Coffee Bean & Tea Leaf goes free: The chain of about 700 cafes will have free Wi-Fi installed by now in all its company-owned stores (about 300).

That's ASCII, not hex: An article on wardriving raises security hackles by repeating some slightly overheated statements about Wi-Fi security. The article opens with a 63-character ASCII WPA passphrase, which is later described as "hex." (ASCII passphrases in WPA can be up to 63 "printable" characters - ASCII 32 to 127 - while a hex version of a 256-bit TKIP or AES password is 64 hexadecimal digits long.) The article tries to conflate Wi-Fi attacks that led to the largest set of breaches in retail credit-card systems and wardriving, a hobbyist activity that's never been looked on very favorably by law enforcement. The sense of ennui of wardriving pioneers is pretty clear; when Wi-Fi is everywhere and generally secured, it's far less interesting. The wardriver in the article convinced the reporter that a maximum-length WPA passphrase stored on a USB drive for automatic use was the best way to go. But, really, 20 characters containing letters and punctuation and no words found in a dictionary along with changing your network's SSID (network name) provides all the security you'll ever need for a home or small business. (If you need more, deploy WPA/WPA2 Personal.)

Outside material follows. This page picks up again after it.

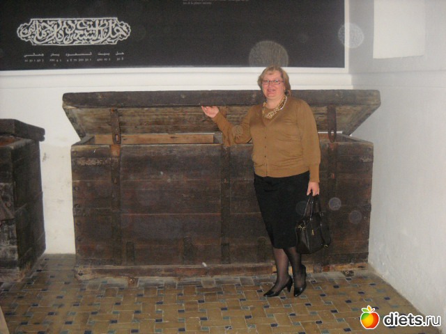 Эта фотография сделана в феврале в бывшем двореце танжерского султана на фоне огромного сундука для хранения казны.Он сделан из кедра и весь потолок тоже украшен резьбой на таком же кедре.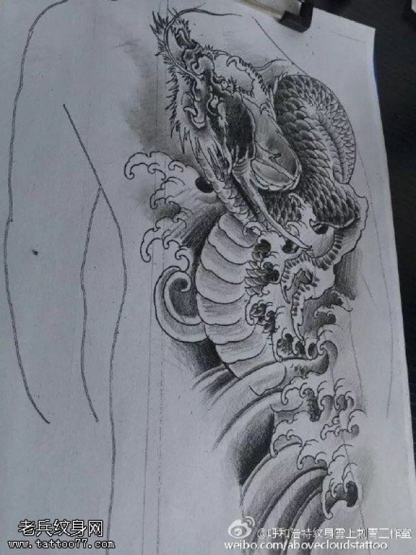 龙纹身手稿_一组老传统黑灰龙手稿纹身图案

Green Wi-Fi's Senegal efforts hit snags: The folks at Green Wi-Fi are well motivated, and they're running up against all forms of security theater and bureaucracy both here and in Senegal, where they have an active project. The San Francisco Chronicle notes the group's effort to build solar-powered, self-sustaining Internet access via mesh networked nodes. Getting devices out of the country, clearing customs in Senegal, and hooking up their solar system all hit problems they're working through. As with the One Laptop Per Child program, I see a "build it and they will come" mentality in Green Wi-Fi's mission statement: the notion that providing computing power and Internet access will result in good things, rather than an effort to figure out what good things need to be achieved, and whether computers and the Internet will assist.

Portfolio critiques crazy hotel Wi-Fi pricing: The travel guru that is Joe Brancatelli turns a steely eye to $15 per night charges at fancy hotels for Internet access, noting that cheaper hotels include such service at no cost. The higher-end hotels won't talk for attribution, but they say that a "fraction" of guests use Internet, so why bundle it into the room rate? Pshaw. At $15 per night, four to six users pay the entire cost, while the hotel or its operator accepts a fraction of that rate as settlement from Boingo and iPass and other aggregators. So it's nonsense. They charge because business travelers will expense it and be reimbursed.